4.1) Bokeh visualization of regression results

In [22]:
p3 = figure(plot_width=400, plot_height=250, title="drphiSector")
plot=drawColzArray(test," abs (invTRDCurrentNorm)<0.05&year<2017", varFit,"RF:RF200:KNN:KM","H2O",p3,ncols=2)
plot=drawColzArray(test," abs (invTRDCurrentNorm)<0.05&year<2017", "RF","RF:RF200:KNN:KM","H2O",p3,ncols=2)
In [23]:
fitter.AppendStatPandas("RF",test)
fitter.AppendStatPandas("RF200",test)
test=SetAlias(test,"pullRF_2","(drphiSector2-RFMedian)/RFRMS")
test=SetAlias(test,"pullRF200_2","(drphiSector2-RF200Median)/RF200RMS")
drawColzArray(test,"abs(invTRDCurrentNorm)<0.05&year<2017", "RF","RFMedian","H2O",p3,ncols=3)
test['pullRF_2'].plot.hist()
Out[23]:
<matplotlib.axes._subplots.AxesSubplot at 0x7f9ccee8be10>

TRD curent model

  • make regression of the dostortion
    • flux (TRD current estimator)
    • background estimators
    • gas compostion
  • export fit errors
In [30]:
#variableX= ['meanTRDCurrent','deltaTRDCurrent','bz','bckg0Mean', 'bckg1Mean', 'bckg2Mean',"gascompH2O"]
variableX= ['meanTRDCurrent','deltaTRDCurrentNorm','bz',"H2O","iz2x", "bsign","gascompCO2"]
#variableX= ['meanTRDCurrent','deltaTRDCurrentNorm','bz',"iz2x", "bsign"]
x = DataContainer(dfsplit, variableX, ['drphiSector4'], [500,500])
fitter = Fitter(x)
fitter.Register_Method('KNN','KNeighbors', 'Regressor')
fitter.Register_Method('RF','RandomForest', 'Regressor', n_estimators=100, max_depth=10)
fitter.Register_Method('RF200','RandomForest', 'Regressor', n_estimators=200, max_depth=10)
#list(variableX)
fitter.Fit()
for method in ['RF', 'KNN', 'RF200']: 
    dfsplit = fitter.AppendOtherPandas(method,dfsplit)
fitter.printImportance()    
In [ ]:
fitter.AppendStatPandas("RF",dfsplit)
fitter.AppendStatPandas("RF200",dfsplit)
dfsplit=SetAlias(dfsplit,"pullRF","(drphiSector2-RFMedian)/RFRMS")
dfsplit=SetAlias(dfsplit,"deltaRF","(drphiSector2-RFMedian)")
p = figure(plot_width=500, plot_height=300, title="drphiSector2")
plot=drawColzArray(dfsplit," trdMeanMedianL0<1 & abs (invTRDCurrentNorm)<0.05&year<2017", "meanTRDCurrent","drphiSector4:RF200","H2O",p,commonX=1,commonY=1)

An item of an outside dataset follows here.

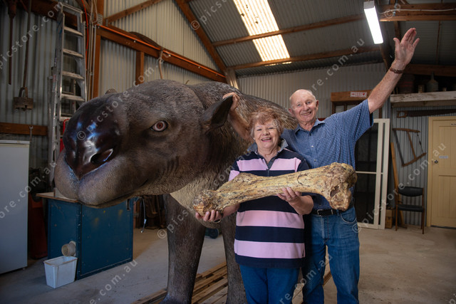 Mary and Ken Bates, from the Yankalilla District Historical Museum, show off the new life-sized Diprotodon model and a replica bone. (Dani Brown: 468360_01)
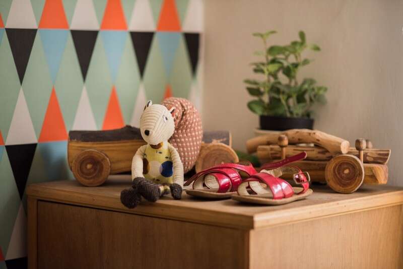 חדר הילדים צר וארוך, ובו מיטת קומתיים מעץ ומיטת ברזל במידות זעירות יחסית. נוכחותו של הטפט הגאומטרי הדומיננטי מפתיעה דווקא בשקט שהוא יוצר בתוך החדר וכמו מלכד את כל הפריטים לתמונה אחת הרמונית, יחד עם השטיח הסרוג בעבודת יד, עם הווילונות הבהירים ועם שרשראות הדגלים העשויות בד. שפע החומרים והרעיונות מעידים על האהבה הגדולה שהושקעה בחדר הזה, על הרצון להעניק סביבה מטופחת ומטופלת לשלושת דייריו, ותחושת קן מרפדת וזיכרונות ילדות נפלאים.

Time series distortion,fit

  • distortion vs time
  • distortion-fit vs time
  • (distortion-fit)/"predicted" error vs time
In [37]:
ptime = figure(plot_width=700, plot_height=150, title="template")
sliders="meanTRDCurrent(0,0.3,0.03,0,1):H2O(0,5,0.2,0,5):deltaTRDCurrentNorm(-0.0,0.1,0.01,-0.2,0.2)"
plot0=bokehDrawPanda(dfsplit,"trdMeanMedianL0<1 & abs (invTRDCurrentNorm)<0.05&year<2017","time","drphiSector4:deltaRF:pullRF:meanTRDCurrent","H2O",sliders,ptime,ncols=1, commonX=1)
In [ ]: